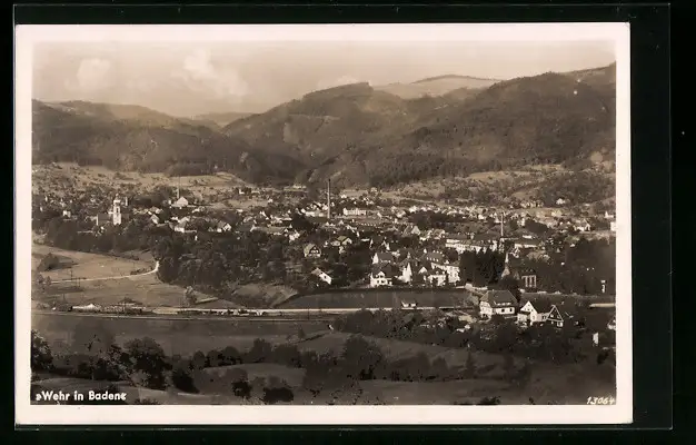 AK Wehr / Baden, Totalansicht mit Gebirge im Hintergrund
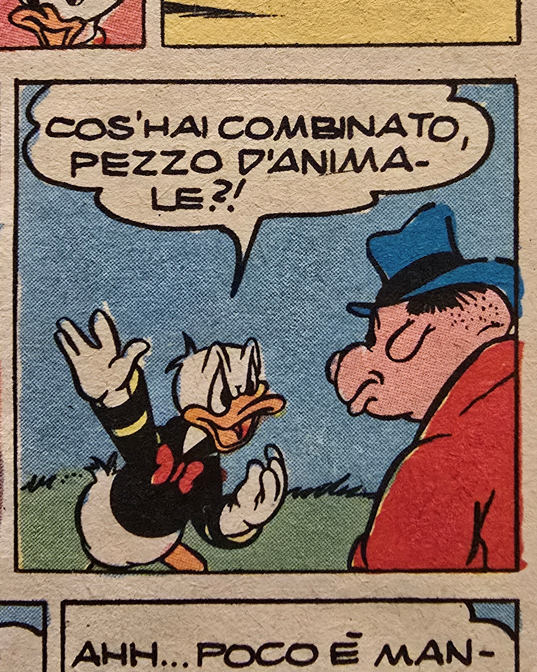 Il momento rivelatore arriva quando Paperino insulta l’autista di un camion che lo tampona, chiamandolo “pezzo d’animale” – benché la sua auto fosse invisibile e il conducente non potesse evitarla.
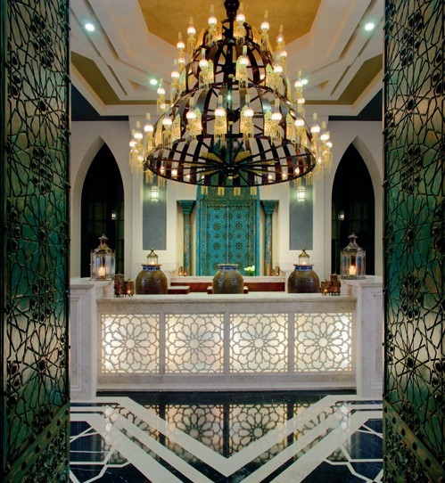 大堂主入口處的大型枝形吊燈根據(jù)傳統(tǒng)奧斯曼式樣經(jīng)過特殊處理設(shè)計而成,由伊斯蘭之星組成。其他的 枝形吊燈均利用紅色和青綠色水晶制作而成,這兩種顏色的組合在奧斯曼皇宮被廣泛運用。
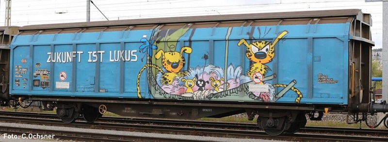 KATO HOBBYTRAIN LEMKE H24666 Schiebewandwagen Hbbillns SBB, Ep.VI, Graffiti-Serie (4)
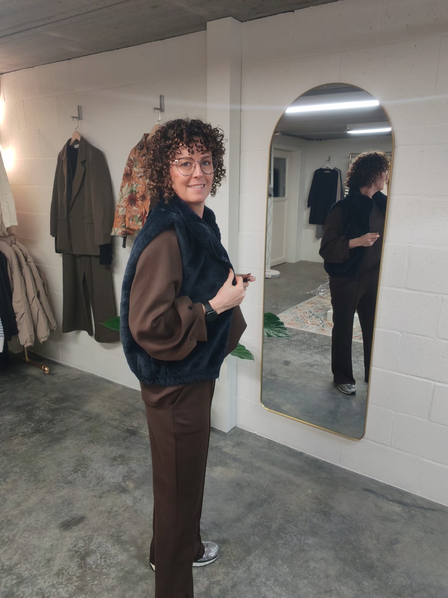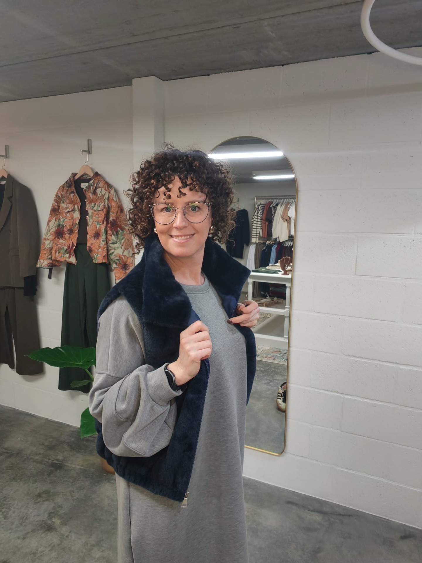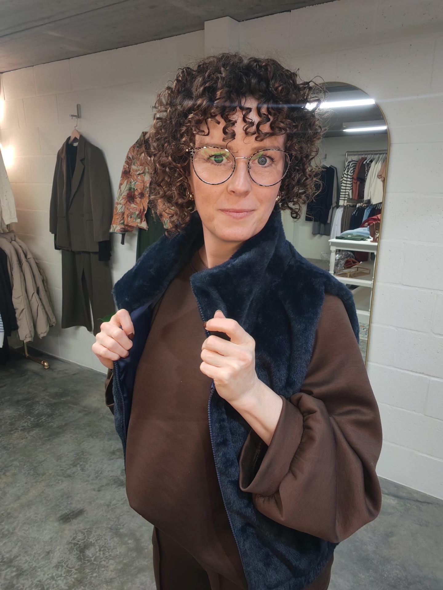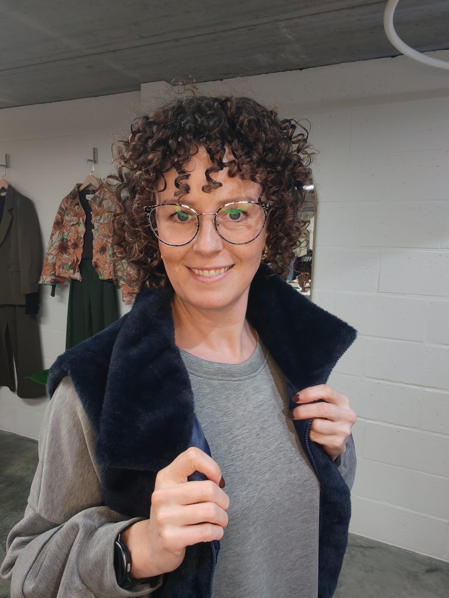 Leuk bontje dat voor extra warmte zorgt.Kan gecombineerd worden met een blouse, t-shirt, huispak of zelfs over een jasje.Hetty draagt het bontje hier met het lang grijs kleed en met ons bruin huispak.

• WORK TASK: Every word of the data should be reproduced exactly; please omit any pictures.

• ANSWER TO THIS EXERCISE:
 AK Wehr / Baden, Totalansicht mit Gebirge im Hintergrund
 Il momento rivelatore arriva quando Paperino insulta l’autista di un camion che lo tampona, chiamandolo “pezzo d’animale” – benché la sua auto fosse invisibile e il conducente non potesse evitarla.
 大堂主入口處的大型枝形吊燈根據(jù)傳統(tǒng)奧斯曼式樣經(jīng)過特殊處理設(shè)計而成,由伊斯蘭之星組成。其他的 枝形吊燈均利用紅色和青綠色水晶制作而成,這兩種顏色的組合在奧斯曼皇宮被廣泛運用。
 KATO HOBBYTRAIN LEMKE H24666 Schiebewandwagen Hbbillns SBB, Ep.VI, Graffiti-Serie (4)
 Leuk bontje dat voor extra warmte zorgt.Kan gecombineerd worden met een blouse, t-shirt, huispak of zelfs over een jasje.Hetty draagt het bontje hier met het lang grijs kleed en met ons bruin huispak.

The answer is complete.